Il énumère un certain nombre de réformes lancées par le ministère, certaines dans la douleur, sans qu’à aucun moment il ne soit fait état des difficultés rencontrées dans leur application sur le terrain.
Ainsi, le rapport se contente de citer la mise en place du SMA en cas de grève sans préciser qu’il a été nécessaire de l’adapter.
Il est faux de prétendre que la carte scolaire a disparu et il serait honnête de mentionner les conséquences néfastes de son assouplissement pour certains établissements (collèges) qui se sont vidés ou qui se transforment en ghettos.
Aucune allusion non plus aux nombreuses critiques émanant des parents et des municipalités sur l’organisation de la semaine de 4 jours. Plusieurs grandes villes souhaitent d’ailleurs modifier cette organisation et consultent actuellement enseignants et parents.
Curieusement, Eric Woerth passe sous silence les principaux résultats pourtant tangibles de l’application de la RGPP :
- les dizaines de milliers de suppressions de postes
- la disparition de 1500 postes de RASED
- la réduction de l’accueil en maternelle
- la suppression de stages de formation continue
- la difficulté de remplacement des maîtres absents
- la modification des règles de nomination (postes à profil)
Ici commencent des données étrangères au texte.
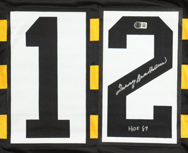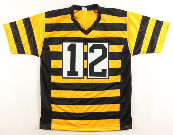 Custom on-field Bumble Bee Throwback style jersey. Everything is sewn on, size XL. Hand-signed by Terry Bradshaw (HOF). The autograph includes an official Beckett Authentication Services serially numbered scannable hologram...

- la valorisation et la modernisation du métier d’enseignant
- …etc.
Quant à la mise en place des EPEP, il s’agit davantage d’une longue « pause » que d’un retard. En effet, le retrait de la loi de finances des postes administratifs et la mise en sommeil de la proposition de loi portant création d’EPEP et pourtant déposée sur le bureau de l’Assemblée Nationale signifient plutôt abandon que recul. Comme nous l’avons déjà écrit, il est peu probable que cette réforme voie le jour avant la prochaine échéance présidentielle de 2012.
Sur ce site, nous n’avons cessé de rappeler que la RGPP correspond à une demande de « Bruxelles » et qu’elle n’a qu’une vision comptable des réformes qu’elle impose aux gouvernements de l’Union Européenne. (relire nos multiples articles sur la RGPP)
Nous continuerons donc d’observer ses implications dans les différents domaines de l’Education nationale et d’en dénoncer les effets pervers chaque fois qu’ils se feront sentir.